Items listed in a dataset -
----

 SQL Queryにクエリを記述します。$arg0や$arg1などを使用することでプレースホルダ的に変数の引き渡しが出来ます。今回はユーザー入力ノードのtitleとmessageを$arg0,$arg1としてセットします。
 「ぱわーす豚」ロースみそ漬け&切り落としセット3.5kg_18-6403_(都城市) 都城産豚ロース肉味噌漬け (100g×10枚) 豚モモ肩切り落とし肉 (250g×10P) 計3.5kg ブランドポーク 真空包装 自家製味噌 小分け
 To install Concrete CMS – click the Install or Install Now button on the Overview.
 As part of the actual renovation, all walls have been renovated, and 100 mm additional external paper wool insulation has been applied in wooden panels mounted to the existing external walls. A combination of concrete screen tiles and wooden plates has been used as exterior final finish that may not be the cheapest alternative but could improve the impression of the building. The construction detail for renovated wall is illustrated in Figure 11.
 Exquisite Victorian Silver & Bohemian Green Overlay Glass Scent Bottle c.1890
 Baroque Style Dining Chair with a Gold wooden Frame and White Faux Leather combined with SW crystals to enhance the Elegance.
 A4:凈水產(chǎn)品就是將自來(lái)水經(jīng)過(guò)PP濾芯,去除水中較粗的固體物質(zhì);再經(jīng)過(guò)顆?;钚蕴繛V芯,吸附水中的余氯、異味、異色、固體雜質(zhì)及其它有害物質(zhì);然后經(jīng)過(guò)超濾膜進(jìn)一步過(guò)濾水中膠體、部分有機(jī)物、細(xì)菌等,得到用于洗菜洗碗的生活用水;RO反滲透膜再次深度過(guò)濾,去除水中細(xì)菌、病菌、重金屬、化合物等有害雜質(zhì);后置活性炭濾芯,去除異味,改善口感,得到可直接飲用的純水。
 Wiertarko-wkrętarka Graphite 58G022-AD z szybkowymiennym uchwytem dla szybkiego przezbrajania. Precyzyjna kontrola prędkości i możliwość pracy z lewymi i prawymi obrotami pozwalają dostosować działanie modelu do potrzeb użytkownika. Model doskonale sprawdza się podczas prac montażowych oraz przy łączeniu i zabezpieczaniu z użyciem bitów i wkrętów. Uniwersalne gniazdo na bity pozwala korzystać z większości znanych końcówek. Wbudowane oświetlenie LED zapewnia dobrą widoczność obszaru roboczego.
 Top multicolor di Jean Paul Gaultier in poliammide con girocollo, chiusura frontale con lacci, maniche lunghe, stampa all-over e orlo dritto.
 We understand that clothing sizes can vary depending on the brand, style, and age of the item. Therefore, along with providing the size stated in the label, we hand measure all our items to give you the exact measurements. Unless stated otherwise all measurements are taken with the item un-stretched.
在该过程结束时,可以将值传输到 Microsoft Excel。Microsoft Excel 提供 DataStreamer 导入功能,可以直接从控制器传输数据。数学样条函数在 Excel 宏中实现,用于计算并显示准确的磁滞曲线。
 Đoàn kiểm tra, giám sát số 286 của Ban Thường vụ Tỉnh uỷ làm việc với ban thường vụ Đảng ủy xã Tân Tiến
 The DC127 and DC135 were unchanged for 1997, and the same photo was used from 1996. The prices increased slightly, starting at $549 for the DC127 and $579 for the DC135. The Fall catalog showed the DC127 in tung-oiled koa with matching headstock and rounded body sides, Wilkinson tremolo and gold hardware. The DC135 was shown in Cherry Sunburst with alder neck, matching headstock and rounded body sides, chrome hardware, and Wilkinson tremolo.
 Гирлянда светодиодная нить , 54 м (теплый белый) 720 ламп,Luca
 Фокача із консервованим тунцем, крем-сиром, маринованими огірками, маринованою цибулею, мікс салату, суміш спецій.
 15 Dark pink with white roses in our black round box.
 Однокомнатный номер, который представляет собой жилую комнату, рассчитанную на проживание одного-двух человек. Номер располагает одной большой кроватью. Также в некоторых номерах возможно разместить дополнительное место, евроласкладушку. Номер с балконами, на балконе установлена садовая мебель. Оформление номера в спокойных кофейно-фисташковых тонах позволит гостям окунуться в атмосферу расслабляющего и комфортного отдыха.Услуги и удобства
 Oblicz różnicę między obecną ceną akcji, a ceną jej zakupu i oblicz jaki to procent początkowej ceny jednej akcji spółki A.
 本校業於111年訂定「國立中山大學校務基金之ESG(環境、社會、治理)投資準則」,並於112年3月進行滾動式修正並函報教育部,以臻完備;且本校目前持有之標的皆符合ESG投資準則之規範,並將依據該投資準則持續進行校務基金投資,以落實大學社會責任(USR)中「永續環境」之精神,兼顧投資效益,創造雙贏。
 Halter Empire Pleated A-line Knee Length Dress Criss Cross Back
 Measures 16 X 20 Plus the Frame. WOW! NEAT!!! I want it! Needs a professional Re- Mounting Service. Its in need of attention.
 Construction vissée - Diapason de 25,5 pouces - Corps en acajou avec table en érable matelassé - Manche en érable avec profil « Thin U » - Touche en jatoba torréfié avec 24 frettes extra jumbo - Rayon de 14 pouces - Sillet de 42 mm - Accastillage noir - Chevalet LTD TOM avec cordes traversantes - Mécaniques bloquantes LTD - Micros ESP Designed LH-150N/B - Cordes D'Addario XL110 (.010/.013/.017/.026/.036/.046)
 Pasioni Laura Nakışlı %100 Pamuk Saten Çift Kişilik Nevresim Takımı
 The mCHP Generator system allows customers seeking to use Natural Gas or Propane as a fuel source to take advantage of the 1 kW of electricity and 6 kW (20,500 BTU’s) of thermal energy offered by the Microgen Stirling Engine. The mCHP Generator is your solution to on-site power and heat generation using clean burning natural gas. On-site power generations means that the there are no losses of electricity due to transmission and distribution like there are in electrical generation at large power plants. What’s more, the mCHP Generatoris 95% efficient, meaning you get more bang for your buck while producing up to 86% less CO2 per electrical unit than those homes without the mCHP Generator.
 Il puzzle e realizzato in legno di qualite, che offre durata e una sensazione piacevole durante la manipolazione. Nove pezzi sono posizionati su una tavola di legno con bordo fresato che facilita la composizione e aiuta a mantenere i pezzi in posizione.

----

Exercise brief -
The answer should contain only the lines from the first line of the entries through the line holding "真空包装 自家製味噌 小分け", each exactly as written.

Exercise answer -
 SQL Queryにクエリを記述します。$arg0や$arg1などを使用することでプレースホルダ的に変数の引き渡しが出来ます。今回はユーザー入力ノードのtitleとmessageを$arg0,$arg1としてセットします。
 「ぱわーす豚」ロースみそ漬け&切り落としセット3.5kg_18-6403_(都城市) 都城産豚ロース肉味噌漬け (100g×10枚) 豚モモ肩切り落とし肉 (250g×10P) 計3.5kg ブランドポーク 真空包装 自家製味噌 小分け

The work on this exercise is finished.